Слава выключил радио. Натыкаясь на стулья, милиционер подошел к окну и раздвинул шторы. Комната наполнилась утренним светом, резко подчеркнувшим осевшую на мебели пыль. Милиционер вынул из кармана акт и стал читать:

— Стол полированный, сервант, телевизор…

— Оставь, — прервал его Слава, — давай распишусь. Где расписаться?

Милиционер подал Славе акт и шариковую авторучку. Слава расписался.

— Всё? — в голосе Славы прозвучало нетерпение.

— Порядок, — сказал милиционер, неловко потоптался, не зная, как облегчить чужую участь. — Ну, пока! — Он крепко пожал Славину руку и вышел. Следом поспешила боявшаяся разрыдаться Евдокия.

Вот Слава и дома. Но его ли это дом? Квартира казалась чужой. Решительно она была не та, что при маме, хотя вещи стояли в ней прежние и именно там, где стояли при маме, но они потеряли свой смысл и значение. Как может быть безысходно и пусто в родном доме! Если бы можно было хоть закричать, заплакать! Но ни кричать, ни плакать он не мог. Он обошел комнату, открыл занавешенный простыней трельяж. Каждое утро, собираясь на работу, мама расчесывалась перед ним, пудрилась, чуточку подкрашивала губы и тут же вытирала помаду, говоря: «Смолоду не красила, а теперь и вовсе смешно».

«Красивая у тебя была мама, — говорили ему все эти дни соседи, — ты на неё, как две капли воды, похож, а вот судьбы у неё не было. Не было судьбы!»

«Да, судьбы не было, — вдруг с ужасом подумал Слава. — Не было. Почему я об этом никогда не задумывался? Никогда! Ей было, наверно, очень трудно в жизни, очень одиноко. И ещё он, Слава… сколько раз он огорчал её?» Сейчас ему казалось, что он всю жизнь только и делал, что огорчал маму. Убегал на море без разрешения, гонял, как сумасшедший, на велосипеде, дрался с мальчишками, получал в школе двойки, бесконечные двойки, которые доводили маму до отчаянья: «Ты же способный, ты же всё понимаешь, ты же взрослый человек, как же можно так относиться к учёбе, к учителям? Они же хотят тебе доброго, они не враги тебе. Я работаю в газете, поучаю людей, пишу статьи, а у сына сегодня пятерка, а завтра три двойки — и так без конца…

Сколько же обещаний можно брать с тебя?!»

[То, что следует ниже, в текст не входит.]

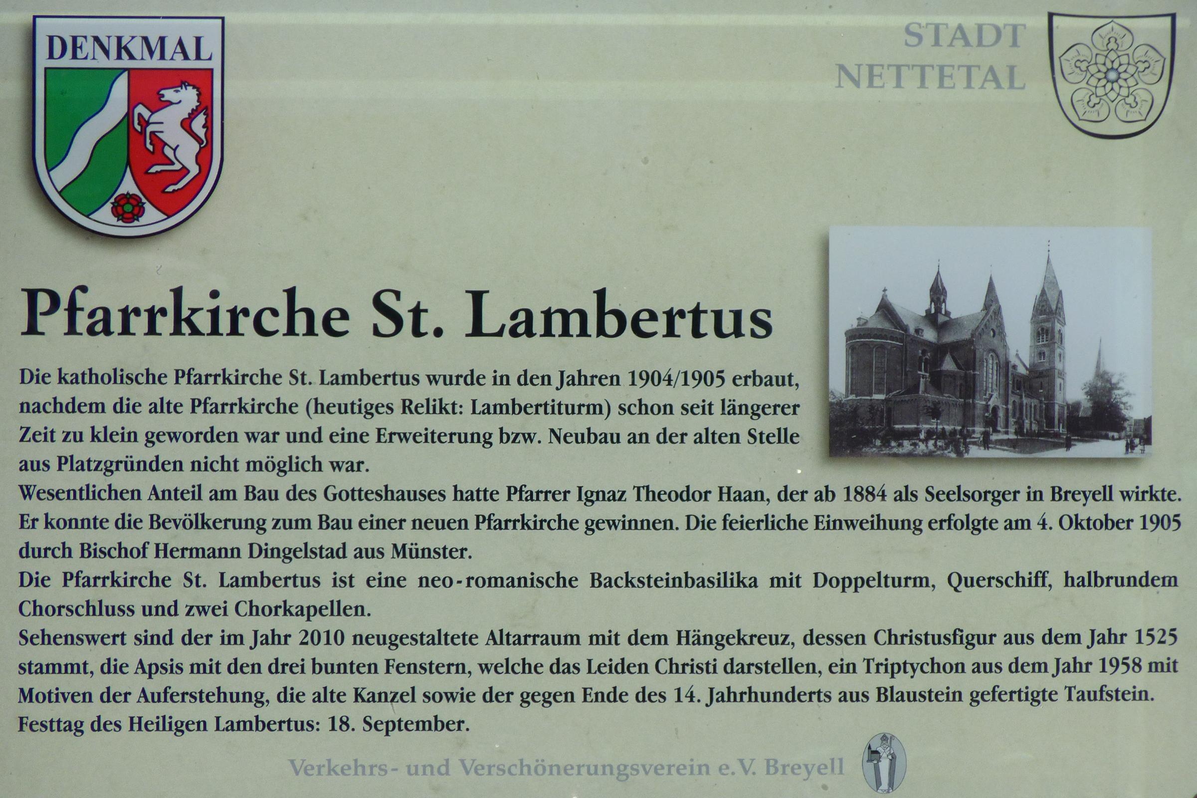 Standort: Die Kirche St. Lambertus hat ihren Standort am Lambertimarkt im Stadtteil Nettetal - Breyell. Sie steht mit der Nr. 70 in der Denkmalliste Nettetal unter Denkmalschutz. Denkmalbeschreibung:

Всякий раз Славе становилось стыдно до слёз, и он тут же начинал клясться, что это случилось с ним в последний раз. «Ну, поверь, мамочка, если повторится, можешь со мной больше не разговаривать! С завтрашнего дня начинаю новую жизнь!» В порыве искреннего раскаяния Слава всю ночь занимался и засыпал под утро. Утром, уходя на работу, мама будила его, он обещал ей сейчас же встать, но, как только за мамой закрывалась дверь, поворачивался на другой бок и засыпал сном праведника. А когда просыпался, то в школу идти было уже поздно, и Слава, дав себе очередное обещание, принимался читать какой-нибудь роман. А там мальчишки подбивали его сходить на рыбалку или «рвануть» в горы. Ну как отказаться от такого соблазна?! «Ничего, потом сразу всё выучу!» Потом мама уезжала в командировку, и Слава получал полную свободу на три дня. «Я за три дня горы сворочу! Не буду ходить в школу, зачем зря тратить на уроках время: всё равно играешь в морской бой, на переменах тоже не сосредоточишься — сутолока! А дома — тишина! Все упражнения переделаю, по физике и химии выучу все параграфы. И вообще всё подгоню. Времени ведь — вагон! Надо рвануть и вырваться раз и навсегда из этой трясины! Проживу без Танькиных подсказок — зубрила несчастная!»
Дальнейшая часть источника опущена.